* _RAW DATA_

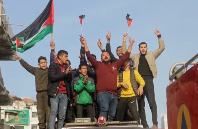 خرج آلاف الفلسطينيين إلى الشوارع في أنحاء قطاع غزة مع بدء سريان اتفاق وقف إطلاق النار بين الاحتلال المجرم وحركة(حماس) اليوم الأحد، بعضهم للاحتفال، والبعض الآخر لزيارة قبور الأقارب، بينما عاد كثيرون لتفقد منازلهم.
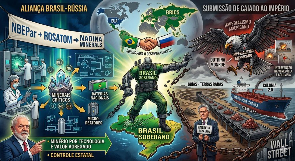 No cenário de uma América Latina sob cerco — com a invasão da Venezuela, a desestabilização da Colômbia sob o comando de Noboa e o garrote renovado sobre Cuba — o Brasil enfrenta um dilema histórico: ser um mero exportador de terra bruta para o Império ou um senhor de sua própria tecnologia. A recente criação da Nadina Minerals, fruto da parceria entre a estatal russa Rosatom (via Uranium One Group) e a brasileira NBEPar, coloca a disputa pelos minerais críticos no centro do tabuleiro geopolítico.
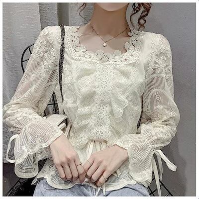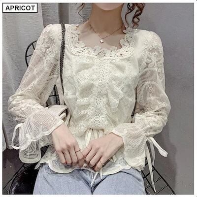 ブラウス レース フリル レースアップ スクエアネック キャンディースリーブ 長袖 レトロ 韓国ファッション レディース 大人可愛い ガーリー フェミニン

* _EXERCISE_
Quote the material in full and exactly; do not carry over its pictures.

* _EXERCISE RESULT_
 خرج آلاف الفلسطينيين إلى الشوارع في أنحاء قطاع غزة مع بدء سريان اتفاق وقف إطلاق النار بين الاحتلال المجرم وحركة(حماس) اليوم الأحد، بعضهم للاحتفال، والبعض الآخر لزيارة قبور الأقارب، بينما عاد كثيرون لتفقد منازلهم.
 No cenário de uma América Latina sob cerco — com a invasão da Venezuela, a desestabilização da Colômbia sob o comando de Noboa e o garrote renovado sobre Cuba — o Brasil enfrenta um dilema histórico: ser um mero exportador de terra bruta para o Império ou um senhor de sua própria tecnologia. A recente criação da Nadina Minerals, fruto da parceria entre a estatal russa Rosatom (via Uranium One Group) e a brasileira NBEPar, coloca a disputa pelos minerais críticos no centro do tabuleiro geopolítico.
 ブラウス レース フリル レースアップ スクエアネック キャンディースリーブ 長袖 レトロ 韓国ファッション レディース 大人可愛い ガーリー フェミニン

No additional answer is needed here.